On one of Thundercracker’s offshifts, they tried to beat him with their “videogames.” It was quite the debacle. They ended up getting so distracted trying to sabotage each other that Thundercracker beat them. Three times.

Their slack-jawed shock was humoring. One more game was played, and this time Thundercracker made a fatal “mistake” that cost him the game. A mech would almost think that they’d beat the flier every single round by the way they bragged. He made sure to put on the Seriously Disgruntled front so they could feel all the more pompous. What? He learned early on when bonded to Skywarp how to ham it up to appease one-track processored mechs.

Of the other Cassetticons, Ravage paid a visit once in a while. The feline had a tendency to just…stare. Kinda creepy. Thundercracker just stared back until the cybercat flicked his ears and sulked away.

Then there was Buzzsaw. Now that was a mech he could relate to. Everything on this planet sucked. Frag, everything this side of the universe sucked, and they both knew it. It was almost enjoyable listening to the grumpy condor mutter to himself while he rested on Thundercracker's shoulder from time to time. Laserbeak called him “huffy.” Thundercracker said he was just looking at an honest perspective of functioning.

Lastly, but not least, Soundwave’s self-proclaimed “princess.” Laserbeak wasn’t so bad. She was the jolliest of the flock, often giving small transmission-bursts about the fun things she discovered here and there. _::I found a squishy insecticon today! Its armor was shiny and gold! Would you like to see? Yes?::_  Her enthusiasm always brought a faint smile to his faceplate.

Other times the femme aerial just twittered to herself as she picked at Thundercracker’s plating. A quick reference to the squishy databases—because Primus forbid if he misread something like _that_ —suggested that she was grooming. Squishy fliers groom their family as a way to bond. Huh. It must be something like how Thundercracker’s trine used to go to the washracks together to clean and polish each other’s plating. His wings wilted when he realized how long it had been since his trine had done any sort of bonding. Laserbeak gave a tweet at his sudden depression and nuzzled his helm.

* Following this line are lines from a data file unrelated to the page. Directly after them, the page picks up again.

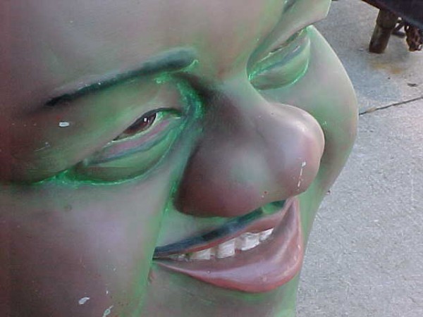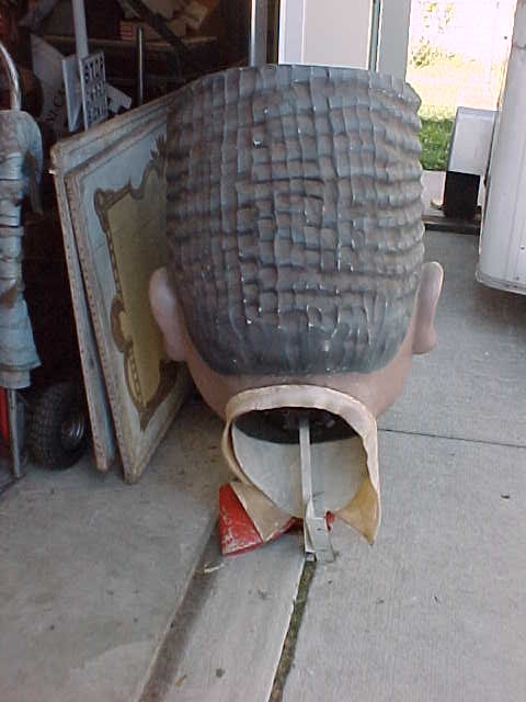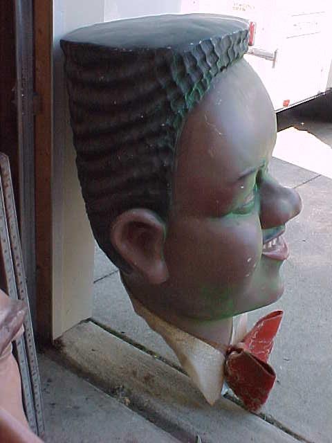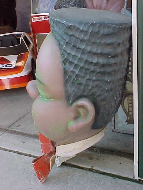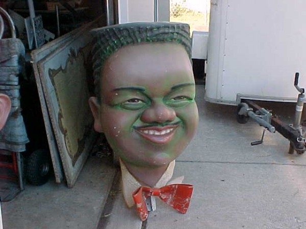 A very good likeness of the famous Fats Domino. Used to hang in a night club in Indianapolis, In. many years ago. Made of fiberglass with a metal inside framework. Complete with built in hanger. Measures 4′ tall x 2 1/2′ wide………
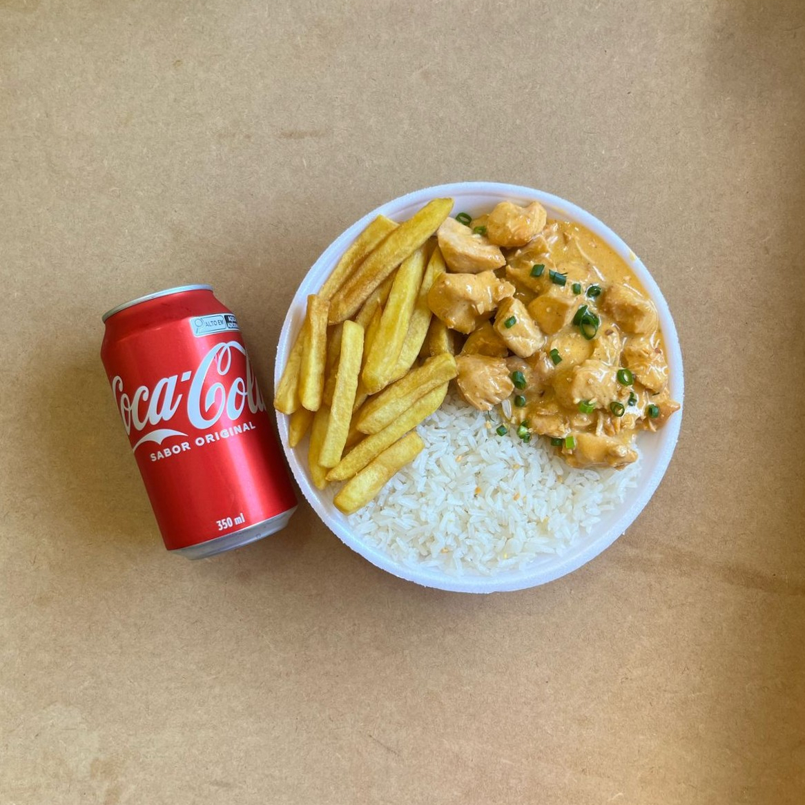Marmita com delicioso filé de frango ao molho estrogonofe acompanhado de arroz branco e batatas fritas.. Acompanha refrigerante lata Coca Cola 350ml bem gelada. Marmita indicada para 01 pessoa.
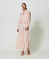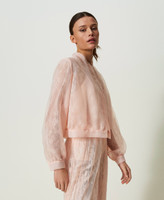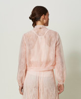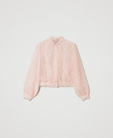 Giacca a bomber in organza foderata in pizzo Chantilly a motivo floreale, collo alla coreana, linea morbida.

It was at that moment that Skywarp strode in and caught sight of the two. “D’aww!” he crooned in cruel mockery, servos clasped in front of his faceplate. “Does da widdle birwdy have a cwush on TC?” Skywarp made a weird, squelching noise with his derma. Laserbeak seemed pretty offended by the way she puffed out her plumage in a threatening gesture. Skywarp crowed his laughter and went on his merry way, not caring that his trinemate was obviously upset.

Later that evening, the purple jet threw a fit about his stash of shinies being confiscated. The only piece remaining was a folded piece of tinfoil in the shape of a turkey. Thundercracker found it _hilarious_ ; it did all sorts of wonders to improve his mood. Even Starscream cackled at Skywarp’s expense.

Maybe the Cassetticons weren’t so bad after all.

**Notes for the Chapter:**

> A tinfoil turkey! Am I wrong to think it would be so farfetched for a flier to have a shiny stash? 
> 
> Also, Beaky found a Golden Beetle of some sort. Look them up. They're so shiny!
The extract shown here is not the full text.